> WHAT IS NEEDED:
Apart from the pictures, every entry should be reproduced exactly.

(Records from a data source)

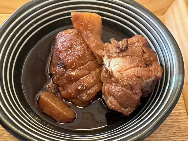 鮪の煮付けです。とても優しい味付けでした。ご満悦おばさんの言葉を借りれば、魚の卵を煮るときの味付けと言っていましたが、まったくそのとおりの味でした。美味しかったです。
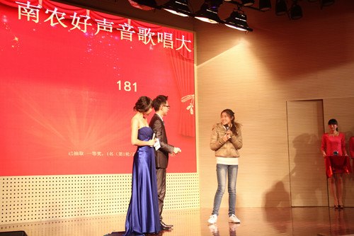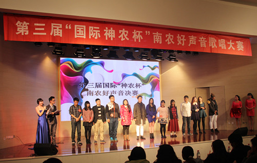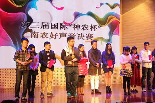 2014年12月6日晚,由南京农业大学究生会主办,加拿大28 研分会、动物医学学院研分会、公共管理学院研分会、江苏省农业科学院研分会承办的第三届国际“神农杯”南农好声音决赛在大学生活动中心举行,研究生院教育管理办公室杨海峰老师、动科院辅导员苗婧老师、校研会主席王卉和副主席徐琳以及各研分会主席、校十佳歌手大赛冠军刘惠东等出席了本届大赛。本次比赛受到了众多学生的关注,大活现场人头攒动,座无虚席。 经过初赛紧张激烈的角逐,共有来自全校各学院的13名选手脱颖而出,成功晋级决赛。决赛分为先声夺人、组合对碰、冠军争夺战三个环节。 第一环节先声夺人,支教一年回校读研的唐骥龙以一首弹唱《去大理》开始了精彩的表演。美丽的哈萨克族姑娘沙吾列一曲《美丽的姑娘》把大家带入了异域风情。外国友人简希的一曲《Make you feel my love》更是将比赛带入高潮。罗学良的一曲《向天再借五百年》更是唱出了美声的感觉,让大家震撼。多才多艺的颜如雪唱跳的《普通朋友》掀起了大家热烈的掌声。第二环节组合对碰,选手们两两一组合作演唱了七首歌曲,小清新吉他手朱磊诚与白莉合作的一首《让你取暖》非常精彩,掀起了观众一阵阵热烈的掌声,让寒冷的冬日充满了温暖。林珍妮与楚佳希两位实力唱将合作的《你不知道的事》巧妙地展示了她们不俗的唱功。冯昊与柯诗远的深情对唱《你最珍贵》将大赛又一次推向高潮。
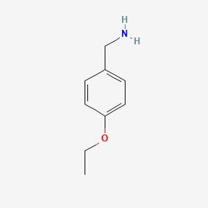 4-Ethoxy-benzylamine is an organic compound with the molecular formula C9H13NO and a molecular weight of 151.21 g/mol . It is a colorless to pale yellow liquid with a characteristic amine odor . This compound is primarily used as an intermediate in organic synthesis and as a reagent in various chemical reactions .
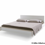 Das Bett FLAI von Müller Möbelwerkstätten kann ebenfalls mit einem Kopfteil aus Birkenschichtholzkante, demselben Material in dem das Bett gefertigt wird, erweitert werden. Das Kopfteil kann in den Farben weiss (CPL) und anthrazit (CPL)
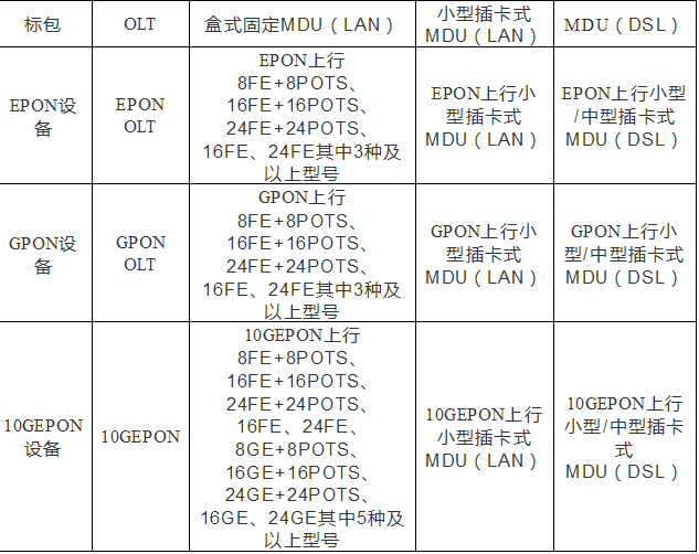 投标产品应是成熟稳定的产品,必须具备下表所列的设备型号,除10GEPON设备以外,其他设备需提供相应型号的电信设备进网许可证:
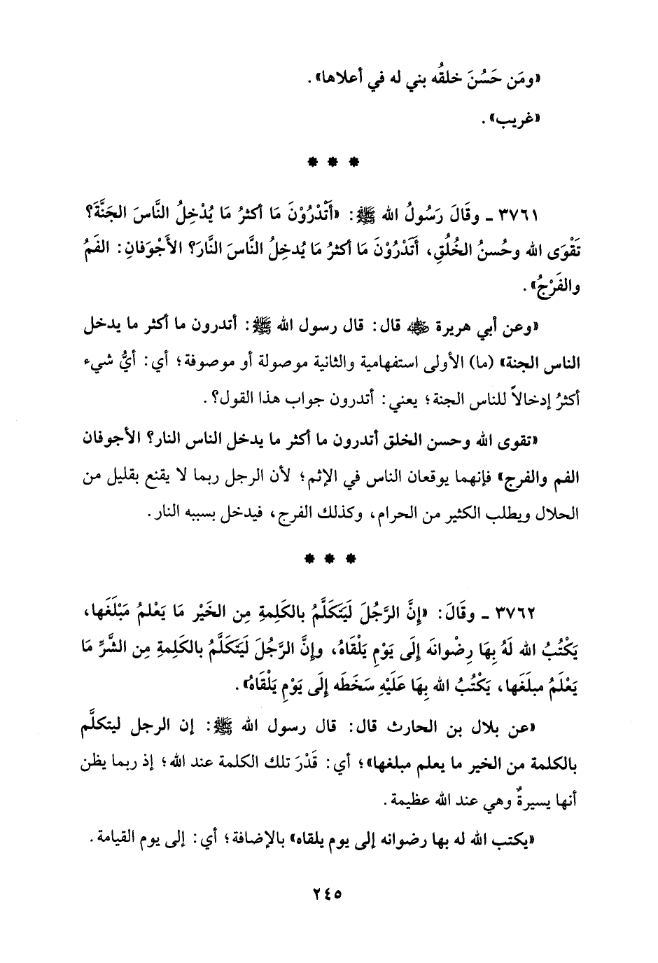 3761 - وقَالَ رَسُولُ الله - صلى الله عليه وسلم -: "أتدرُوْنَ مَا أكثرُ مَا يُدخِلُ النَّاسَ الجَنَّة؟ تَقْوَى الله وحُسنُ الخُلُقِ، أترُوْنَ مَا أكثرُ مَا يُدخِلُ الناسَ النَّار؟ الأَجْوَفانِ: الفَمُ والفَرجُ".
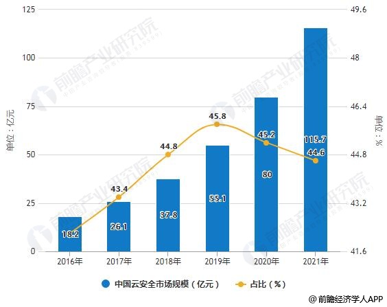我国云计算在技术方面逐渐走向成熟,步入产业发展繁荣期。云计算的进步带动无服务器计算发展,将引发新的网络信息安全问题。攻击者更容易借无服务器计算隐藏活动踪迹制造网络威胁。这些威胁同时也将为未来云安全与服务的研发与部署提供广阔的应用场景。虽然中国云安全市场目前处于起步阶段,但整体市场规模将随着云计算市场规模的增长而快速崛起。2018年中国云安全市场规模达到37.8亿元,同比增长44.8%,未来3年预计将继续保持每年40%以上的高速增长。
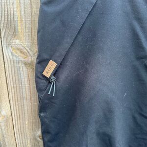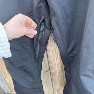 Ride snow pants in size XL, designed for women, come in a classic black color. Made from 100% polyester, these pants feature durable fabric, reinforced seams, zippered pockets, and an adjustable waistband. They are ideal for winter occasions, providing comfort and functionality in cold weather. The pants have a zip closure and are suitable for regular size types. This pre-owned item is perfect for winter sports or casual winter outings. Keywords: Ride, snow pants, women's clothing, black, XL, winter wear, polyester, zip closure, durable, adjustable waistband, pre-owned, winter sports, casual wear, reinforced seams.
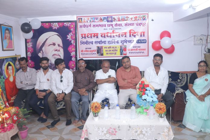 चंद्रपूर :- सर्वधर्म समभाव प्रभू सेवा संस्था, चंद्रपूर या सामाजिक सेवाभावी संस्थेचा प्रथम वर्धापन दिन दिनांक ८ जुलै रोजी डेबू सावली वृध्दाश्रम, देवाडा येथे मोठ्या उत्साहात व स्नेहपूर्वक वातावरणात पार पडला. first anniversary of the Sarva Dharma Samabhav Prabhu Seva Sanstha
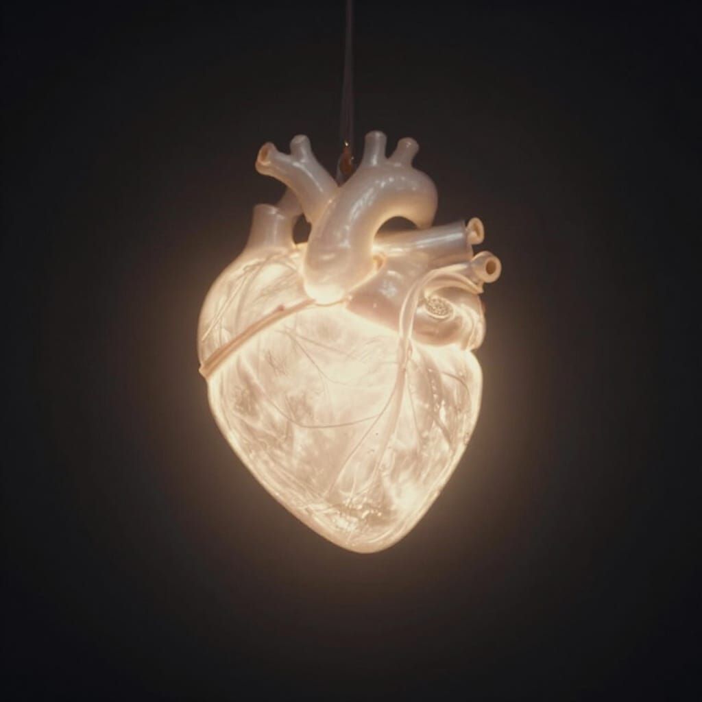 This image shows a hyper-realistic, glowing heart symbol radiating a sense of calm and reassurance. Light emanates gently outward, creating an ethereal glow with soft volumetric lighting.

> ANSWER TO THIS TASK:
 鮪の煮付けです。とても優しい味付けでした。ご満悦おばさんの言葉を借りれば、魚の卵を煮るときの味付けと言っていましたが、まったくそのとおりの味でした。美味しかったです。
 2014年12月6日晚,由南京农业大学究生会主办,加拿大28 研分会、动物医学学院研分会、公共管理学院研分会、江苏省农业科学院研分会承办的第三届国际“神农杯”南农好声音决赛在大学生活动中心举行,研究生院教育管理办公室杨海峰老师、动科院辅导员苗婧老师、校研会主席王卉和副主席徐琳以及各研分会主席、校十佳歌手大赛冠军刘惠东等出席了本届大赛。本次比赛受到了众多学生的关注,大活现场人头攒动,座无虚席。 经过初赛紧张激烈的角逐,共有来自全校各学院的13名选手脱颖而出,成功晋级决赛。决赛分为先声夺人、组合对碰、冠军争夺战三个环节。 第一环节先声夺人,支教一年回校读研的唐骥龙以一首弹唱《去大理》开始了精彩的表演。美丽的哈萨克族姑娘沙吾列一曲《美丽的姑娘》把大家带入了异域风情。外国友人简希的一曲《Make you feel my love》更是将比赛带入高潮。罗学良的一曲《向天再借五百年》更是唱出了美声的感觉,让大家震撼。多才多艺的颜如雪唱跳的《普通朋友》掀起了大家热烈的掌声。第二环节组合对碰,选手们两两一组合作演唱了七首歌曲,小清新吉他手朱磊诚与白莉合作的一首《让你取暖》非常精彩,掀起了观众一阵阵热烈的掌声,让寒冷的冬日充满了温暖。林珍妮与楚佳希两位实力唱将合作的《你不知道的事》巧妙地展示了她们不俗的唱功。冯昊与柯诗远的深情对唱《你最珍贵》将大赛又一次推向高潮。
 4-Ethoxy-benzylamine is an organic compound with the molecular formula C9H13NO and a molecular weight of 151.21 g/mol . It is a colorless to pale yellow liquid with a characteristic amine odor . This compound is primarily used as an intermediate in organic synthesis and as a reagent in various chemical reactions .
 Das Bett FLAI von Müller Möbelwerkstätten kann ebenfalls mit einem Kopfteil aus Birkenschichtholzkante, demselben Material in dem das Bett gefertigt wird, erweitert werden. Das Kopfteil kann in den Farben weiss (CPL) und anthrazit (CPL)
 投标产品应是成熟稳定的产品,必须具备下表所列的设备型号,除10GEPON设备以外,其他设备需提供相应型号的电信设备进网许可证:
 3761 - وقَالَ رَسُولُ الله - صلى الله عليه وسلم -: "أتدرُوْنَ مَا أكثرُ مَا يُدخِلُ النَّاسَ الجَنَّة؟ تَقْوَى الله وحُسنُ الخُلُقِ، أترُوْنَ مَا أكثرُ مَا يُدخِلُ الناسَ النَّار؟ الأَجْوَفانِ: الفَمُ والفَرجُ".
我国云计算在技术方面逐渐走向成熟,步入产业发展繁荣期。云计算的进步带动无服务器计算发展,将引发新的网络信息安全问题。攻击者更容易借无服务器计算隐藏活动踪迹制造网络威胁。这些威胁同时也将为未来云安全与服务的研发与部署提供广阔的应用场景。虽然中国云安全市场目前处于起步阶段,但整体市场规模将随着云计算市场规模的增长而快速崛起。2018年中国云安全市场规模达到37.8亿元,同比增长44.8%,未来3年预计将继续保持每年40%以上的高速增长。
 Ride snow pants in size XL, designed for women, come in a classic black color. Made from 100% polyester, these pants feature durable fabric, reinforced seams, zippered pockets, and an adjustable waistband. They are ideal for winter occasions, providing comfort and functionality in cold weather. The pants have a zip closure and are suitable for regular size types. This pre-owned item is perfect for winter sports or casual winter outings. Keywords: Ride, snow pants, women's clothing, black, XL, winter wear, polyester, zip closure, durable, adjustable waistband, pre-owned, winter sports, casual wear, reinforced seams.
 चंद्रपूर :- सर्वधर्म समभाव प्रभू सेवा संस्था, चंद्रपूर या सामाजिक सेवाभावी संस्थेचा प्रथम वर्धापन दिन दिनांक ८ जुलै रोजी डेबू सावली वृध्दाश्रम, देवाडा येथे मोठ्या उत्साहात व स्नेहपूर्वक वातावरणात पार पडला. first anniversary of the Sarva Dharma Samabhav Prabhu Seva Sanstha
 This image shows a hyper-realistic, glowing heart symbol radiating a sense of calm and reassurance. Light emanates gently outward, creating an ethereal glow with soft volumetric lighting.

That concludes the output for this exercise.